Hernals
In Hernals wurden dokumentarische und pseudodokumentarische vorgänge jeweils von zwei kameras gleichzeitig von verschiedenen blickpunkten aus aufgenommen. dieses material wurde in seine einzelnen bewegungsphasen zerlegt. in der montage wurde jede phase verdoppelt. die dabei verwendeten techniken variieren. der ton wurde ebenfalls verdoppelt, auch hier mit verschiedenen techniken. zwei verschieden wahrgenommene wirklichkeiten, eben aus den bedingungen des films, werden zu einer synthetischen wirklichkeit montiert, wo alles wiederholt wird. diese verdoppelung zerstört das postulat: identität von abbild und bild. verlust der identität, verlust der wirklichkeit (cf. schizophrenie). man stelle sich ein theaterstück vor, wo die akteure jeden satz zweimal sagen, jede geste zweimal machen, jede szene zweimal spielen und man begreift vielleicht die ungeheuerlichkeit unserer wirklichkeit, in der nichts wiederholbar ist. zeit wird nicht angehalten, doch verlängert, zeit als riß zwischen abbild und bild, zeit die raum schafft. (Peter Weibel)
Thomas Korschil zu Hernals von Hans Scheugl
Der lebendige Realismus dieser Montage (pseudo)dokumentarischer Alltagsszenen wird nicht durch eine direkte Manipulation des fotografischen Abbilds in Frage gestellt. Zum originär filmischen Ereignis wird Hernals durch einen drastischen Eingriff in die zeitliche Ordnung der abgebildeten Vorgänge: Die einzelnen Szenen werden, in Fragmente zerteilt, jeweils zweimal gezeigt, nicht als idente Wiederholungen, sondern in zwei verschiedenen, gleichzeitig aufgenommenen Kameraperspektiven. Die resultierende Parallelmontage sprengt das enge Korsett des konventionellen Kinos räumlich, indem der eine, privilegierende Blickpunkt aufgegeben wird und zeitlich, indem die illusionistische (Spielfilm-)Kontinuität ignoriert wird. Bewegungen und Sprachfetzen werden wiederholt, der Lauf der Zeit auf befremdende Weise unterbrochen und zerdehnt. (1995)

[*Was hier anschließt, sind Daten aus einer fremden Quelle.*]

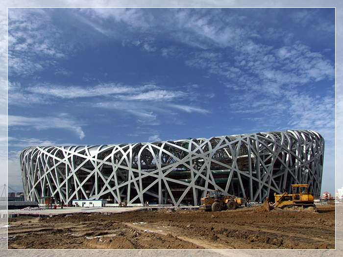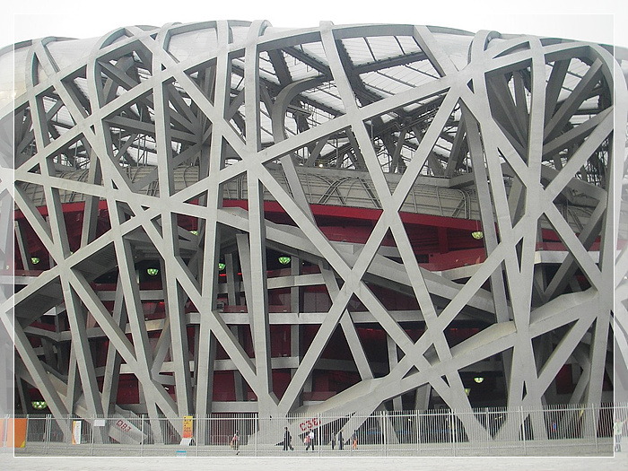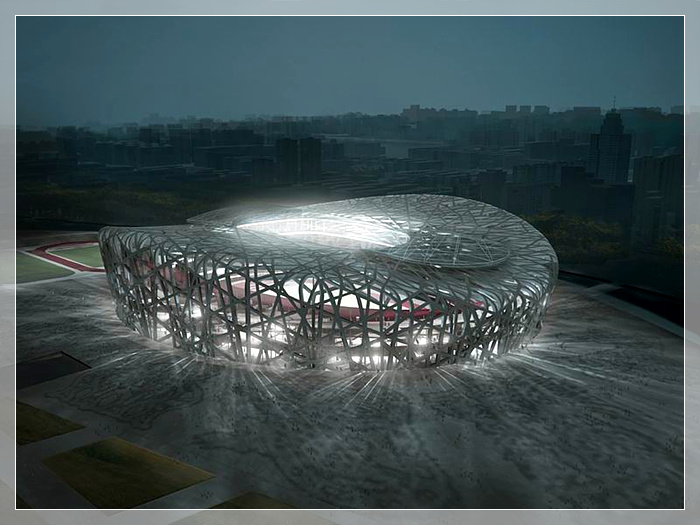 鸟巢,第29届奥林匹克运动会的主会场,位于北京奥林匹克公园内、北京城市中轴线北端的东侧。建筑面积25.8万平米,用地面积20.4万平米。2008年奥运会期间,承担开幕式、闭幕式、田径比赛、男子足球决赛等赛事活动,能容纳观众10万人,其中临时坐席2万座。奥运会后,可容纳观众8万人,可承担特殊重大体育比赛、各类常规赛事以及非竞赛项目,并将成为北京市提供市民广泛参与体育活动及享受体育娱乐的大型专业场所,成为全国具有标志性的体育娱乐建筑。

Stefan Grissemann on Hernals by Hans Scheugl
Perhaps as a reaction against his own one-take car travel, Wien 17, Schuhmanngasse, Scheugl here breaks up real time, doubles it for the cinema, turns trivial reality into an alien and completely un-trivial ballet of random (and randomly filmed) movements, into a musical composition of repeated, rhythmic, interlinked scraps of dialogue, and the roaring mechanical cadence of street traffic.
This is the modern dance of the cutting table choreograph, or a terse, precisely composed and fast-moving avant-garde fairy-tale from the Thousand and One motion picture miniatures.